Węgierski premier sprawuje w tej chwili rotacyjną prezydencję w Unii Europejskiej, co wywołuje konsternację wśród wielu mieszkańców Brukseli.
Premier Węgier Viktor Orbán zasugerował, aby Unia Europejska wprowadziła do władzy polski rząd i premiera Donalda Tuska w ramach spisku mającego na celu usunięcie byłego prawicowo-populistycznego przywództwa kraju.
Rząd Tuska został wybrany w 2023 r. w wyborach, w których frekwencja wyniosła niemal 74%, co było rekordowym wynikiem.
Orban, który startuje w wyborach krajowych na początku 2026 r., porównał to, co według niego jest ingerencją Brukseli w politykę wewnętrzną, do ingerencji byłego Związku Radzieckiego.
„Będą pracować nad tą sprawą” – powiedział w piątek w wywiadzie radiowym o Brukseli. „Potrzebują marionetkowego rządu. Bądźmy szczerzy, każde imperium takie jest. Sowieci tacy byli, prawda?”
Orban przedstawił swoje oskarżenia dwa dni po wygłoszeniu przemówienia, w którym stwierdził, iż Bruksela planuje obalić jego, jak sam siebie określił, nieliberalny rząd nacjonalistyczny i zainstalować w Budapeszcie marionetkowy reżim.

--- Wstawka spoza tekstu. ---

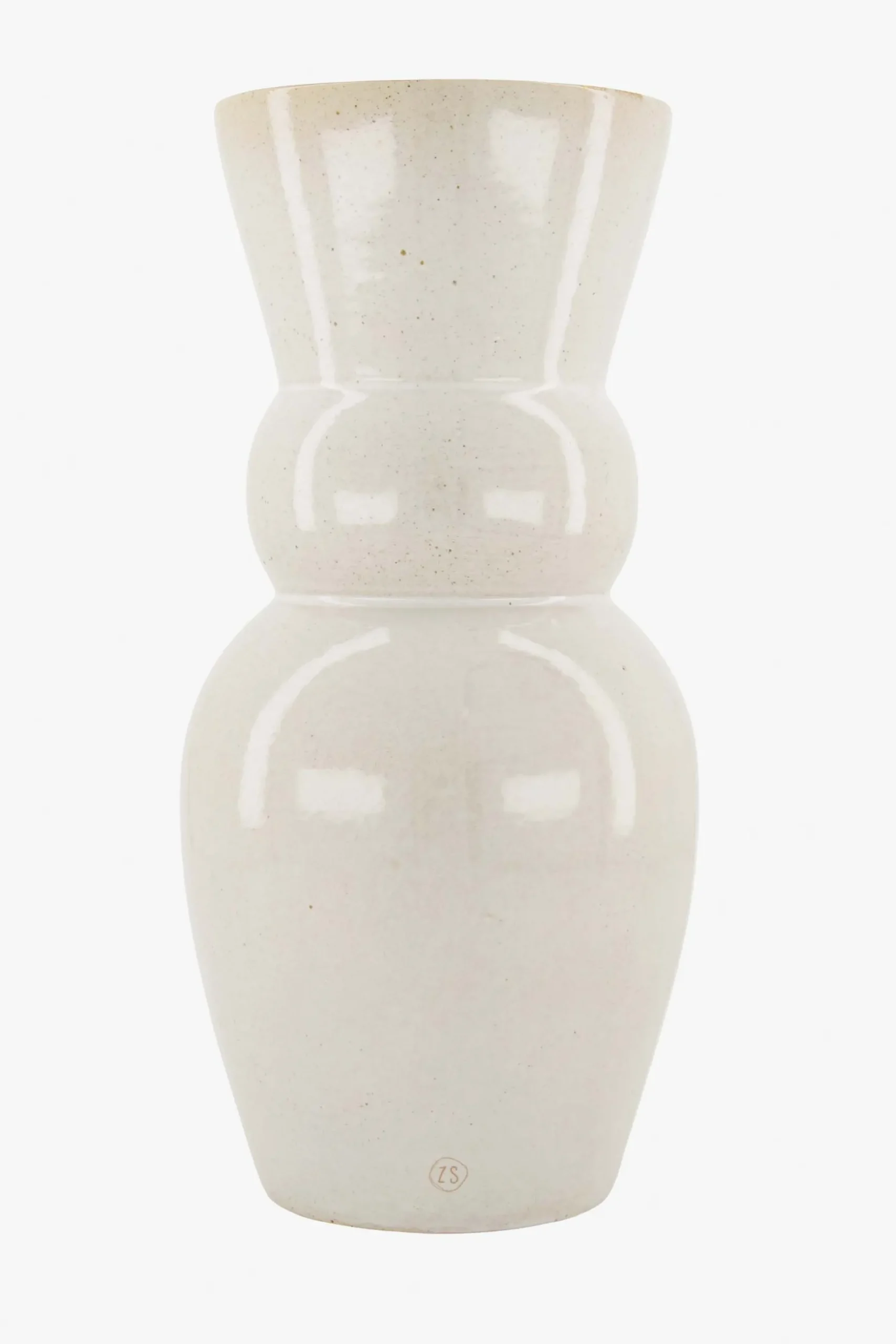 Zusss keramieken vaas glazuur zand spikkels|Deze leuke Zusss vaas maakt jouw woonkamer helemaal af! Dit vaasje heeft een unieke vorm met bollingen. De keramieken vaas is geglazuurd en heeft een zandkleur met spikkels. Op de voorkant staat subtiel het Zusss logo. Zet dit leuke ding op je salontafel en laat’m stralen! Dit exemplaar heeft een diameter van 12 cm en is 28 cm hoog. Kijk ook eens bij de andere woonaccessoires uit deze collectie!|Zusss: basic, stoer, uniek en een tikkeltje eigenwijs.

W piątkowym wywiadzie Orban szczególnie skrytykował zarówno przewodniczącą Komisji Europejskiej Ursulę von der Leyen, jak i lidera największej grupy politycznej w bloku, przewodniczącego Europejskiej Partii Ludowej Manfreda Webera.
Powiedział, iż obaj chcą zrobić na Węgrzech to samo, co rzekomo zrobili w Polsce w 2023 roku, kiedy koalicja Tuska pokonała rządzącą Partię Prawo i Sprawiedliwość – prawicową partię nacjonalistyczną, która podziela wiele jego poglądów.

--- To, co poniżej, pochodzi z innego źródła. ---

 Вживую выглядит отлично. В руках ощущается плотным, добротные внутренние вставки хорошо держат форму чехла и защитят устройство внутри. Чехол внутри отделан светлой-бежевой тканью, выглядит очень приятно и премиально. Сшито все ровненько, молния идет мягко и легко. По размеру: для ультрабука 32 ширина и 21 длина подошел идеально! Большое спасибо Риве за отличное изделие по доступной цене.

„To nie jest choćby tajny spisek przeciwko Węgrom, to plan zadeklarowany i publicznie reprezentowany” – powiedział Orbán, nie podając żadnych dowodów. „To samo wydarzyło się w Polsce. Polacy również poszli swoją drogą i także prowadzili niezależną polską politykę w zakresie imigracji, równości płci i gospodarki”.
Twierdził, iż von der Leyen i Weber „zrobili wszystko, co w ich mocy i otwarcie oświadczyli, iż konserwatywny polski rząd powinien odejść i zostać zastąpiony przez nowy rząd”.

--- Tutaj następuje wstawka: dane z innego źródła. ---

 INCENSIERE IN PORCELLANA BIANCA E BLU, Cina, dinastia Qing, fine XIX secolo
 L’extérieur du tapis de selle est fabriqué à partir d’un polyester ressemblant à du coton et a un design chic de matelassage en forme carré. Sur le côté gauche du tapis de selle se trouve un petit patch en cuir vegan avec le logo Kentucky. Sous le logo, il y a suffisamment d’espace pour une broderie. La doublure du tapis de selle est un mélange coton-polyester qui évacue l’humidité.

„W ten sposób nasz przyjaciel Tusk został premierem w Polsce. Ten sam scenariusz ma miejsce teraz w przypadku Węgier”.
Częste starcia z Brukselą
Orban często ścierał się z Unią Europejską, która wstrzymała Węgrom wielomiliardowe wsparcie finansowe w związku z rzekomymi naruszeniami praworządności i standardów demokratycznych.
Poprzedni konserwatywny rząd nacjonalistyczny w Polsce również przez lata spierał się z Unią Europejską w sprawie niedociągnięć demokracji.
W odpowiedzi Orban przyjął coraz bardziej waleczne podejście do bloku, do którego Węgry dołączyły w 2004 roku, mobilizując partie eurosceptyczne w całej UE do stworzenia skrajnie prawicowej siły politycznej w legislaturze bloku.
Zbliżył także Węgry do autorytarnych reżimów, takich jak Rosja i Chiny, zabiegając o inwestycje zagraniczne i pożyczki w Moskwie i Pekinie w obliczu wyczerpania się funduszy UE z powodu jego zachowania.
Rząd Tuska dążył do przywrócenia w Polsce instytucji demokratycznych, które jego zdaniem zostały zlikwidowane za poprzedniego rządu sprzymierzonego z Orbánem, ale utrzymał pewne konserwatywne polityki, takie jak twarde stanowisko w sprawie nielegalnej imigracji.